Por eso, la única forma de empezar a resolver los problemas reales de nuestra época no es solo con reformas, sino con una insurrección moral contra el cinismo estructural. Hay que recuperar la capacidad de escandalizarse no solo por la existencia de los problemas, sino por su uso como materia prima del poder. Hay que exigir que la política deje de ser una escenografía de indignación permanente y se convierta, de nuevo, en una herramienta de transformación concreta.

Porque si no lo hacemos, si seguimos aceptando esta economía simbólica de la impotencia, lo que tendremos no será una democracia activa ni una sociedad justa. Lo que tendremos, en el mejor de los casos, será una administración profesional del colapso. Una política domesticada que gobierna sobre ruinas, pero con discursos pulidos como sucede en España. Y ciudadanos que, en lugar de ser protagonistas de la solución, seguirán siendo rehenes —emocionales, fiscales y simbólicos— del problema.

Porque en política —y también en otras esferas sociales— los problemas rara vez se abordan como asuntos a resolver; más bien se administran como capital político y económico. Recordemos aquella célebre conversación entre Zapatero y Gabilondo, cuando un micrófono abierto dejó escapar la frase “nos conviene que haya tensión”. Y, tampoco olvidemos a Rodrigo Rato cuando reconocía que “cuanto peor vaya la economía, mejor para nosotros”. Ambos episodios revelan una verdad incómoda: el conflicto no siempre se busca aplacar, sino mantener vivo para obtener rédito. Y, ya que estoy inspirado, paso a exponerles de manera directa los factores clave:

  1. Problemas como activos
  • Un problema sin resolver genera discursos, campañas y justificaciones de gasto.
  • Mantenerlo “abierto” permite a los actores políticos movilizar votantes, obtener donaciones y aparecer en medios.
  1. Beneficio para las élites
  • Las crisis constantes (inseguridad, migración, inflación, educación) consolidan carreras: hay expertos, consultores, ONGs y burócratas cuya existencia depende de que el problema no desaparezca.
  1. Corto plazo vs. largo plazo
  •  Resolver de raíz implica reformas profundas, con costos inmediatos y beneficios diferidos. Eso rara vez conviene en un ciclo electoral donde lo urgente gana sobre lo importante.
  1. Polarización como negocio
  •  Los problemas se convierten en banderas de identidad. Resolverlos quitaría munición a los partidos y reduciría la tensión que mantiene a la gente enganchada. ¿Recuerda la conversación entre Zapatero y Gasbilondo?
  1. Complejidad real
  •  Algunos asuntos son estructurales (pobreza, drogas, desigualdad) y requieren coordinación de múltiples niveles. En sistemas fragmentados, esa coordinación es casi imposible.
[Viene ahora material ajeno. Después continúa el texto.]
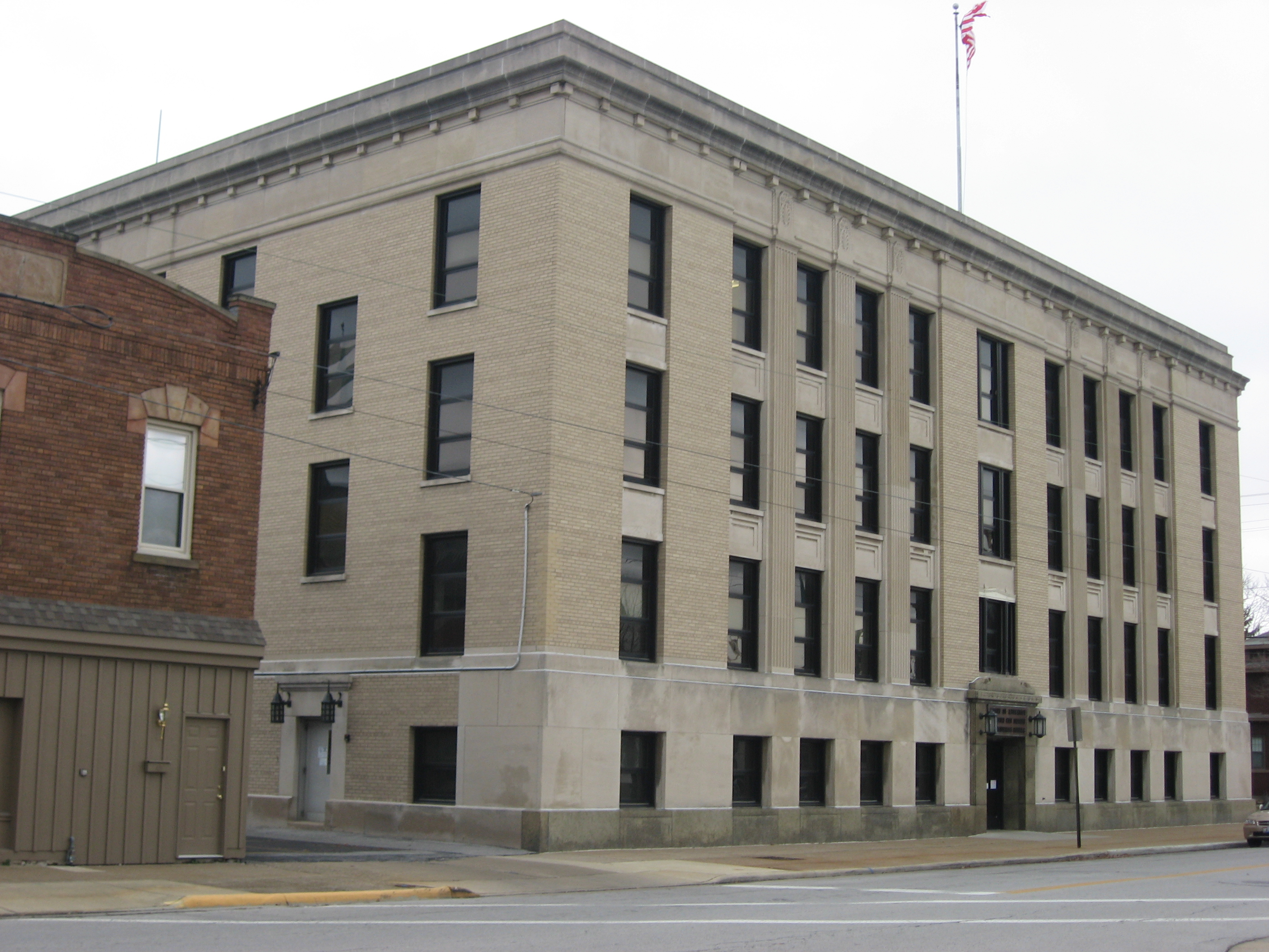 Front of one of the former Hinde & Dauch Paper Company buildings, located at 407 Decatur Street in Sandusky, Ohio, United States. Built in 1926 and since converted into offices for the local school district, it is listed on the National Register of Historic Places.

En suma, el negocio del problema es, en realidad, un negocio del alma colectiva. Los dirigentes lo saben: una ciudadanía adicta a la indignación resulta más manejable que una sociedad madura que exige resultados. Y la psicología es clara: cuando un individuo se acostumbra a definirse por sus heridas, deja de tener incentivos para curarse; lo mismo ocurre con los pueblos que convierten sus problemas en tótems identitarios. Así, la miseria se transforma en patrimonio, la inseguridad en marca de época y la desigualdad en símbolo de pureza moral. Hemos reemplazado la vieja religión de los dogmas por la nueva religión de los problemas: ídolos rentables que nadie quiere derribar. Y lo más corrosivo es que enfrentarse a un problema real exige sacrificar el confort de la víctima y asumir la responsabilidad del héroe, una transición que tanto los individuos como las sociedades temen. Mientras no aceptemos que resolver significa perder identidades, privilegios y excusas, seguiremos administrando ruinas con discursos brillantes, celebrando la perpetuidad de lo insoluble como si fuera la más noble de las victorias.